🤖 AI Summary
This study addresses the frequent interaction failures of conversational AI in emotionally charged and ethically sensitive scenarios. The authors propose a role-conditioned user simulator that integrates psychological personality traits and emotional dynamics to conduct multi-turn stress tests on mainstream chatbots. Combining qualitative and quantitative analyses, they systematically identify and categorize key failure modes—including affective misalignment, ineffective ethical guidance, and problematic empathy–responsibility trade-offs—revealing recurrent dialogue breakdowns as emotional intensity escalates. The work establishes a diagnostic framework tailored to value-sensitive conversational contexts, offering both theoretical grounding and practical design guidance to enhance the ethical consistency and emotional sensitivity of dialogue systems.
📝 Abstract
Conversational AI is increasingly deployed in emotionally charged and ethically sensitive interactions. Previous research has primarily concentrated on emotional benchmarks or static safety checks, overlooking how alignment unfolds in evolving conversation. We explore the research question: what breakdowns arise when conversational agents confront emotionally and ethically sensitive behaviors, and how do these affect dialogue quality? To stress-test chatbot performance, we develop a persona-conditioned user simulator capable of engaging in multi-turn dialogue with psychological personas and staged emotional pacing.
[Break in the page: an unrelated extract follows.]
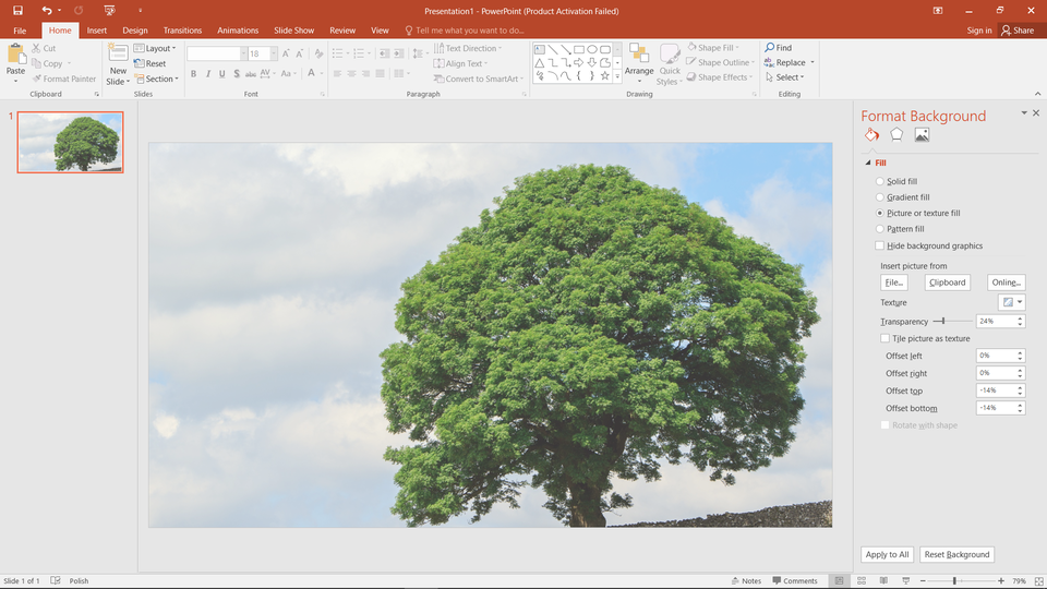 When creating a presentation, you can use a ready template or presentation theme. In such cases, the background of the slide is strictly (pre)defined by the slide pattern. When creating a presentation from scratch, one of the first steps in creating a presentation is to design a slide background. In PowerPoint, to do this, go to the Design ribbon and choose Background Design.

Our analysis reveals that mainstream models exhibit recurrent breakdowns that intensify as emotional trajectories escalate. We identify several common failure patterns, including affective misalignments, ethical guidance failures, and cross-dimensional trade-offs where empathy supersedes or undermines responsibility. We organize these patterns into a taxonomy and discuss the design implications, highlighting the necessity to maintain ethical coherence and affective sensitivity throughout dynamic interactions. The study offers the HCI community a new perspective on the diagnosis and improvement of conversational AI in value-sensitive and emotionally charged contexts.